-------- Source information

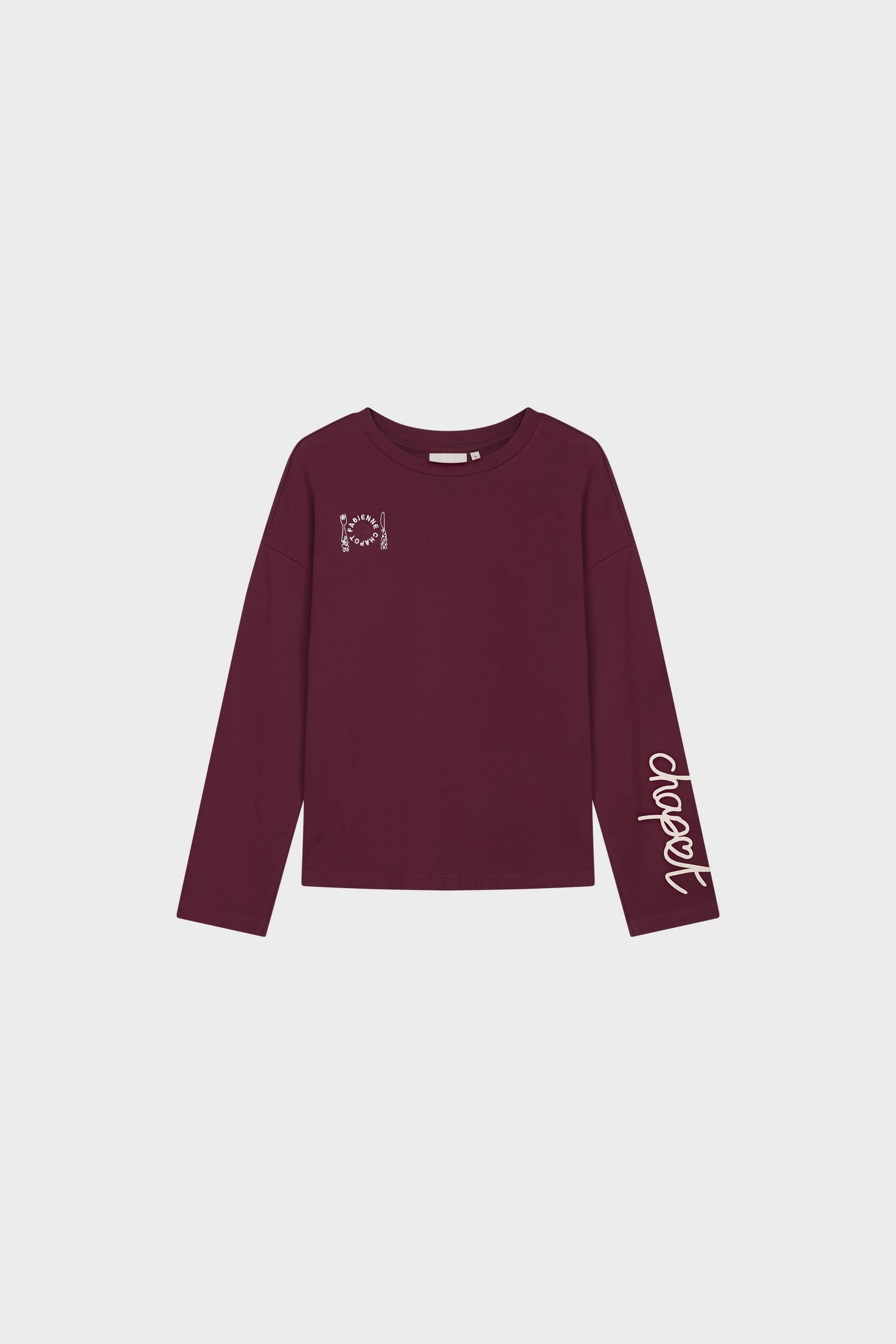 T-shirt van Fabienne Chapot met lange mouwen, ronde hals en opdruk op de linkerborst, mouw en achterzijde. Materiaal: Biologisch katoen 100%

----------------
-------- Source information

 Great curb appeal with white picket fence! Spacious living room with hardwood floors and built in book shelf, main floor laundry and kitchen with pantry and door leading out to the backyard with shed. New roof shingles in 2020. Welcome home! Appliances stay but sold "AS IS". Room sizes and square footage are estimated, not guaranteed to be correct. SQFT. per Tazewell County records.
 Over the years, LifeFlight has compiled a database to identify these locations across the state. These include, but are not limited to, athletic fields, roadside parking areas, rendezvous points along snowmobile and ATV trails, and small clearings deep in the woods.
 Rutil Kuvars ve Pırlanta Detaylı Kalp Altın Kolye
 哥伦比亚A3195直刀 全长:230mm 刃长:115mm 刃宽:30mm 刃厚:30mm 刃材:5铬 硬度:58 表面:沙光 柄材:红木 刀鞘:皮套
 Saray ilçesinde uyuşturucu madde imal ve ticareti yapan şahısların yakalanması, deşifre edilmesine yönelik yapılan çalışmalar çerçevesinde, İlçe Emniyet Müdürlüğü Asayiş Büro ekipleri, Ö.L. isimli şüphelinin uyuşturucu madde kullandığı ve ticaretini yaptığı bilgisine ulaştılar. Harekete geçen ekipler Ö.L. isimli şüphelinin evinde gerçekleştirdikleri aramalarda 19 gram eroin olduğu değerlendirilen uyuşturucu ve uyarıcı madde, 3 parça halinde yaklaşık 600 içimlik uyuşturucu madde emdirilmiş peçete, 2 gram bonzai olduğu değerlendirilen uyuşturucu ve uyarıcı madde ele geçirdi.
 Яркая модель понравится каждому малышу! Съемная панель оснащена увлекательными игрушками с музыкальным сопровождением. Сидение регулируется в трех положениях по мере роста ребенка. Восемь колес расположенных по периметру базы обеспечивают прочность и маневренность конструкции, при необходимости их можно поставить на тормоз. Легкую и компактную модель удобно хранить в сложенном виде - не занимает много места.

----------------

> **Work order**:
Please give an exact copy of the entries above, from the line with "Rutil Kuvars ve" down to the line with "哥伦比亚A3195直刀 全长:230mm 刃长:115mm", inclusive, and nothing else.

> **Answer to the problem**:
 Rutil Kuvars ve Pırlanta Detaylı Kalp Altın Kolye
 哥伦比亚A3195直刀 全长:230mm 刃长:115mm 刃宽:30mm 刃厚:30mm 刃材:5铬 硬度:58 表面:沙光 柄材:红木 刀鞘:皮套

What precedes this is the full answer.